6. Sergio van Dijk (Queensland Roar/Adelaide United)
The powerful Dutchman took a while to adjust to the Hyundai A-League and was actually panned for his inability to score goals during the first part of his stint at then Queensland Roar, which was a funk he would break out of in dominant fashion, going on a goalscoring tear in the second half of his debut season, and it’s one that hasn’t really stopped since that time.
While he was good at the Roar, van Dijk really came to the fore as a striker once he became a Red and helped propel Adelaide towards their AFC Champions League Grand Final, before joining the club on a permanent basis with a three year contract.
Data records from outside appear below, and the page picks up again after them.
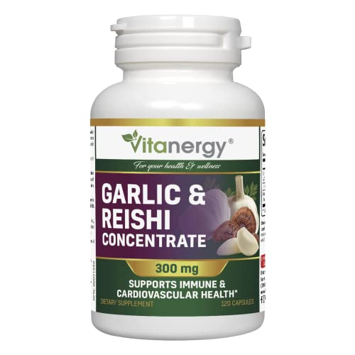 Vitanergy Garlic & Reishi Super Strength – Cardiovascular Health & Immune Support – High Potent Extract from Whole Garlic Bulbs and Reishi – 120 Capsules – No Aftertaste – Vegan Friendly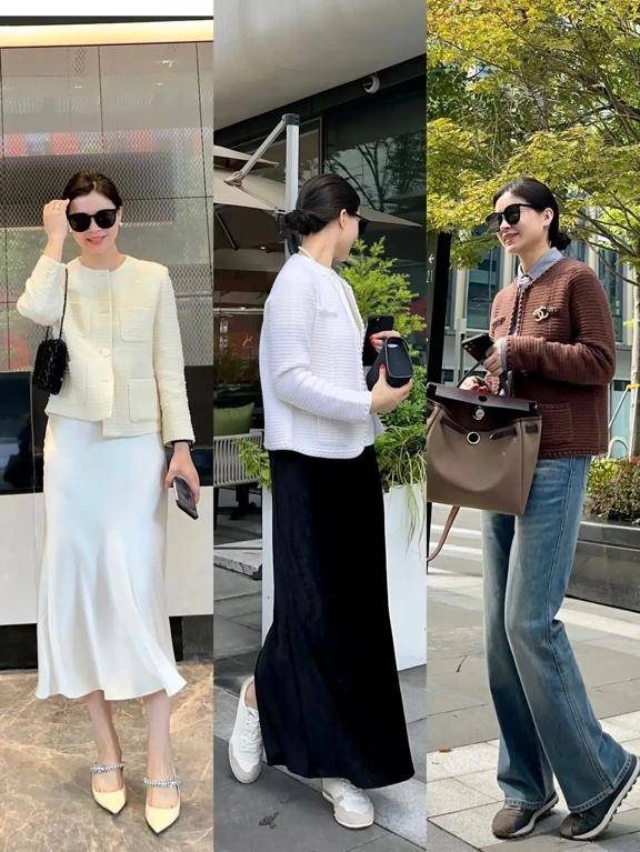 相较于那些花哨的设计,经典又简约的服装穿在身上会更利于提升品位。这些40岁的女人,穿着这种优雅的小香风,搭配着经典的牛仔裤,都是一些经典款,但却能够让最高级的气质展现出来。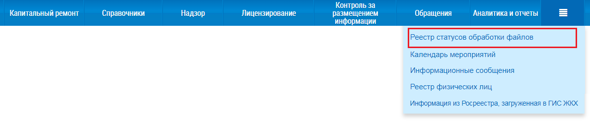 Отображается страница Реестр статусов обработки файлов. Результат обработки файла заносится в столбец Статус обработки.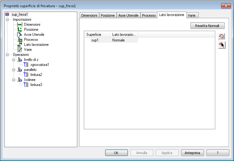 — Selezionare una superficie nella tabella e fare clic su questo pulsante per invertire il lato di lavorazione. Il Lato lavorazione nella tabella cambia da Normale a Inverti. Fare clic di nuovo per ritornare a Normale.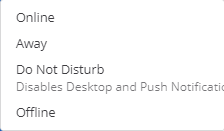 Quando você clica em seu avatar na parte superior da lista de canais, um menu suspenso será exibido. Você pode definir seu status como on-line, ausente ou off-line selecionando um status nesse menu.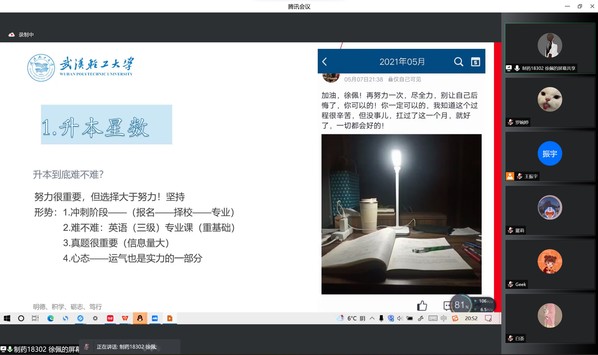 武职网讯(通讯员 王振宇)“想继续深造,但苦于理论知识薄弱”“想提高效率,但缺乏灵丹妙药”“想稳定心态,但困于现实压力”…眼看毕业季即将到来,2019级生物学院的部分学子们流露出对专升本考试的各种担忧。为帮助部分专升本学生排忧解难,3月20日晚8点,生物工程学院学生工作办公室依托腾讯会议,在线上举办了“专升本”复习考试的经验交流分享会。该院2019级毕业生100余人汇聚一堂,切磋学习方法,碰撞思维火花,在“云端”掀起了学习热浪。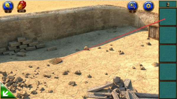 2、捡起铁锹跟木棍组合起来,将旁边的宝石捡起来,密室逃脱11逃出神秘金字塔一共15颗宝石,要仔细收集,不然无法打开神秘关卡,后面一定要仔细收集宝石,不然过了18关,又得重新回去到处找宝石,非常的蛋疼。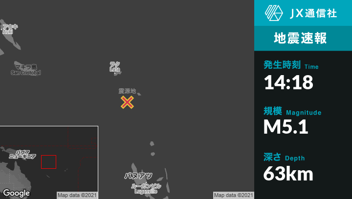 | 震源地 | ソロモン諸島のLataから南南東143kmの地点 |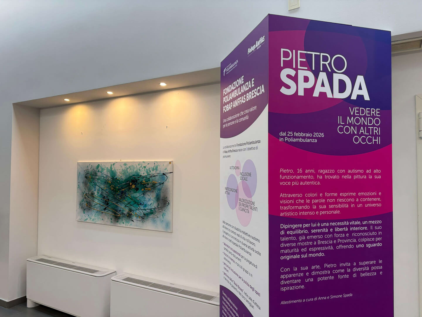 Previsto anche il contributo video di Don Marco Mori insieme con Pietro Spada, giovane artista che attraverso le sue opere trasmette un messaggio importante: la diversità è una ricchezza. L’alleanza strutturata tra Fondazione Poliambulanza e Fobap Anffas Brescia ha portato in dono anche la mostra personale di Pietro Spada dal titolo significativo “Vedere il mondo con altri occhi”. L’esposizione in Poliambulanza non è soltanto un evento culturale, ma è un racconto visivo di ciò che può nascere quando talento e inclusione trovano spazi di espressione. Le opere di Pietro sono in vendita e parte del ricavato sarà devoluto a Fobap Onlus.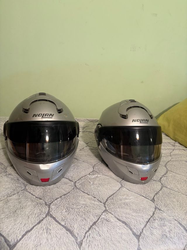 Se venden dos cascos de moto de la marca Nolan en color plateado. Son cascos integrales con visera desmontable.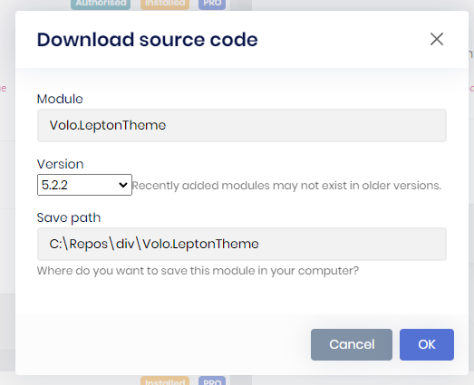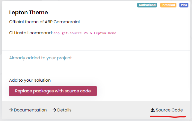 Well... solved it for me by using a different approach. abp get-source Volo.LeptonTheme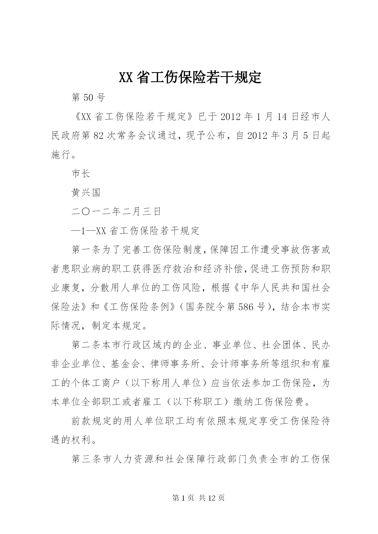 第PAGE\*Arabic\*MERGEFORMAT12页共NUMPAGES\*MERGEFORMAT12页XX省工伤保险若干规定第50号《XX省工伤保险若干规定》已于2012年1月14日经市人民政府第82次常务会议通过,现予公布,自2012年3月5日起施行。市长黄兴国二○一二年二月三日—1—XX省工伤保险若干规定第一条为了完善工伤保险制度,保障因工作遭受事故伤害或者患职业病的职工获得医疗救治和经济补偿,促进工伤预防和职业康复,分散用人单位的工伤风险,根据《中华人民共和国社会保险法》和《工伤保
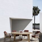 The name Ginestra (broom plant) evokes the organic beauty that inspires its design. Built to withstand outdoor conditions while maintaining its refined aesthetic, this table anchors the outdoor dining experience with B&B Italia's signature style.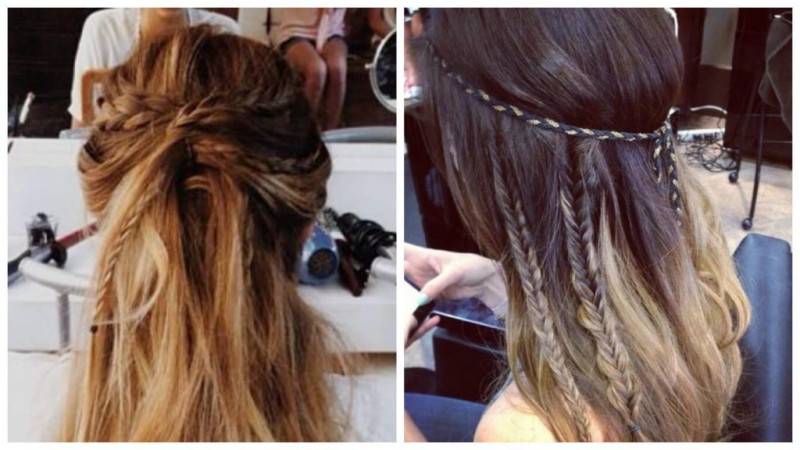 Если волосы длинные и непослушные, поможет коса, свободно заплетенная от затылка на бок, или прямая объемная. Здесь верхняя часть может быть слегка растрепанной и пушистой. Девушки сочетают распущенные волосы с несколькими тугими плетениями в верхней части головы. Красиво смотрятся 2 косы, заплетенные от ушей.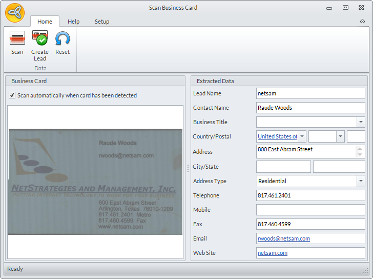 Follow these steps to scan business cards and automatically create a lead without the need to enter the specific details including the addresses, phone numbers of the lead.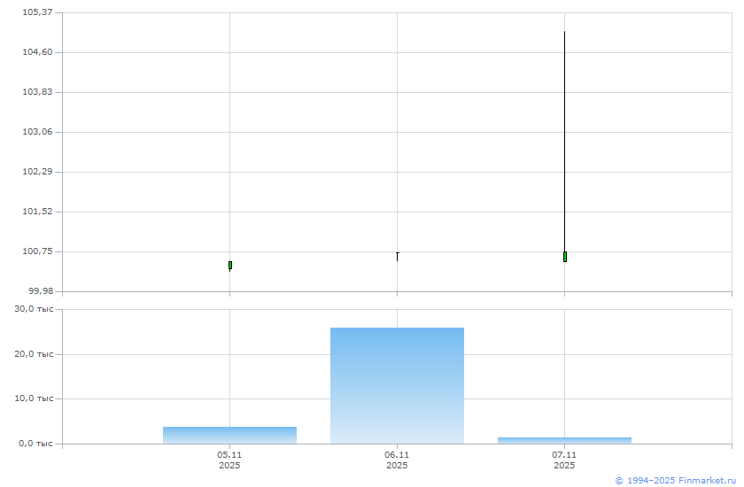 | МБ Основной рынок T+ | 100,57 | -0,15 | 17 | 46 605 RUB | 07.11 15:06 | |

One of the most prolific strikers in the history of the league he scores almost once every two games with 50 goals from 102 starts, but he is also capable of doing the donkey work and holding the ball up for his midfielders.
With natural predatory instincts in front of goal, van Dijk can score a tap in or cannon a screaming shot into the corner, but he is also ice cool from the penalty spot and regularly succeeds from them, in 2010/11 he won the Golden Boot.
5. Robbie Fowler (North Queensland Fury/Perth Glory)
It’s hard to get the image of Robbie Fowler celebrating scoring a goal by ‘snorting’ the goal line out of one’s head, but despite that glaring error of judgement there is also plenty to like about the man Liverpool fans referred to as ‘God’.
A sublimely skilled footballer at his peak, Fowler was a goal-scoring machine, netting an amazing 128 goals in his Premier League career and is one of that league’s all time greats, despite the fact he never lifted the Premiership Cup.
Many regarded that Liverpool side as underachieving and Fowler and some of his teammate’s party boys, so it was no surprise that when he came to Australia the comparisons to the league’s original marquee Dwight Yorke would follow.
And like Yorke, Fowler would find himself in the public eye, but he also produced the goods on the pitch, albeit in a more inconsistent manner than Yorke.
The inaugural captain of the ultimately doomed Fury, Fowler managed to net nine goals in his debut season and some of those showed he still had the flair and finishing skills he was renowned for, but it wasn’t long till controversy struck.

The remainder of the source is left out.